Solution:
[tex]\begin{aligned}&\left|\sqrt{2\sin^2x + 18 \cos^2x} - \sqrt{2\cos^2x + 18 \sin^2x} \right| = 1\\\implies& \left|\sqrt{2\sin^2x + 2 \cos^2x + 16\cos^2x} - \sqrt{2\cos^2x + 2 \sin^2x + 16\sin^2x} \right| = 1\\\implies& \left|\sqrt{2(\sin^2x + \cos^2x) + 16\cos^2x} - \sqrt{2(\cos^2x + \sin^2x) + 16\sin^2x} \right| = 1\\\implies& \left|\sqrt{2+ 16\cos^2x} - \sqrt{2 + 16\sin^2x} \right| = 1\end{aligned}[/tex]

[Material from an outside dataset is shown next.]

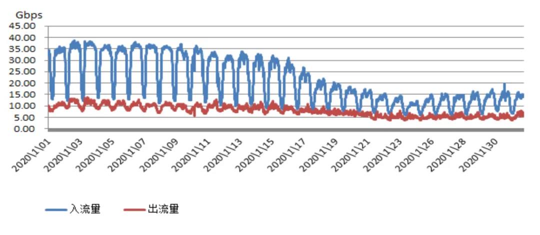 1月CERNET主干网流量相比2019年12月明显下降,主要原因是高校放寒假,学生用户减少。主干网总流量相比于12月减少了91.01G;国内互联互通总流量相比于12月减少了17.78G;国际互联总流量,相比于12月减少了3.86G。

Squaring both sides we get,
[tex]\begin{aligned}& (2+ 16\cos^2x) + (2 + 16\sin^2x) - 2\sqrt{(2+ 16\cos^2x) (2 + 16\sin^2x)} = 1\\\implies& 4 + 16(\sin^2x + \cos^2x) - 2\sqrt{2\cdot 2 \cdot (1+ 8\cos^2x) (1+ 8\sin^2x)} = 1\\\implies &20 - 4\sqrt{1+8\cos^2x + 8\sin^2x + 8^2 \sin^2x \cos^2x } = 1\\\implies &19 = 4\sqrt{1+8(\cos^2x + \sin^2x) + 16 \cdot (2\sin x \cos x)^2 }\\\implies &\frac{19}{4} = \sqrt{9 + 16 \cdot (2\sin x \cos x)^2 }\\\implies &\frac{19}{4} = \sqrt{9 + 16 \sin^2(2x) }\end{aligned}[/tex]

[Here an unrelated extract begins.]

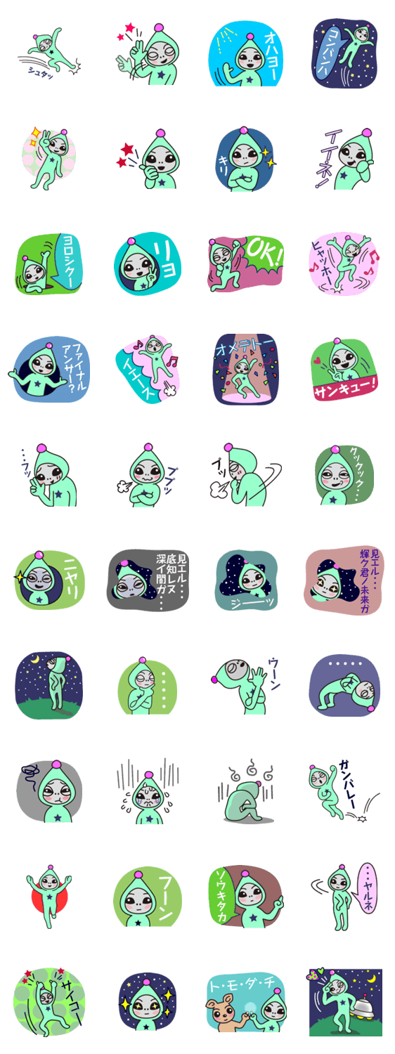 | スタンプ説明 | 宇宙人のアールグレイが色々な気持ちを表現します。ユルくてとぼけた宇宙人を、あなたのセンスで使いこなして下さい。 |

Again squaring both sides,
[tex]\begin{aligned}& \frac{361}{16} = 9 + 16 \sin^2(2x)\\\implies& \frac{361}{16} - 9 = 16 \sin^2(2x)\\\implies &\frac{361 - 144}{16} = 16 \sin^2(2x)\\\implies& \frac{217}{256} = \sin^2(2x)\\\implies& \pm\frac{\sqrt{217}}{16} = \sin(2x)\end{aligned}[/tex]
Taking the positive version first,
[tex]\begin{aligned}&\frac{\sqrt{217}}{16} = \sin(2x)\\\implies & \sin^{-1}\left(\dfrac{\sqrt{217}}{16}\right) = 2x\\\implies &\dfrac12\sin^{-1}\left(\dfrac{\sqrt{217}}{16}\right) = x \end{aligned}[/tex]
Now, all the solutions in the interval [tex][0, 2\pi][/tex] are given by,
[tex]\begin{aligned}x&= \dfrac12 \sin^{-1}\left(\frac{\sqrt{217}}{16}\right)\\ x & = \frac\pi2 + \dfrac12 \sin^{-1}\left(\frac{\sqrt{217}}{16}\right)\\ x & = \pi + \dfrac12 \sin^{-1}\left(\frac{\sqrt{217}}{16}\right)\\ x & = \frac{3\pi}2 + \dfrac12 \sin^{-1}\left(\frac{\sqrt{217}}{16}\right)\end{aligned}[/tex]
Now taking the negative version,
[tex]\begin{aligned}&-\frac{\sqrt{217}}{16} = \sin(2x)\\\implies & \sin^{-1}\left(-\dfrac{\sqrt{217}}{16}\right) = 2x\\\implies &-\dfrac12\sin^{-1}\left(\dfrac{\sqrt{217}}{16}\right) = x \end{aligned}[/tex]
[tex]\begin{aligned}x&= \frac\pi 2- \dfrac12 \sin^{-1}\left(\frac{\sqrt{217}}{16}\right)\\ x & = \pi - \dfrac12 \sin^{-1}\left(\frac{\sqrt{217}}{16}\right)\\ x & = \frac{3\pi} 2- \dfrac12 \sin^{-1}\left(\frac{\sqrt{217}}{16}\right)\\ x & = 2\pi - \dfrac12 \sin^{-1}\left(\frac{\sqrt{217}}{16}\right)\end{aligned}[/tex]
Hence these are total of 8 solutions.
Cheers!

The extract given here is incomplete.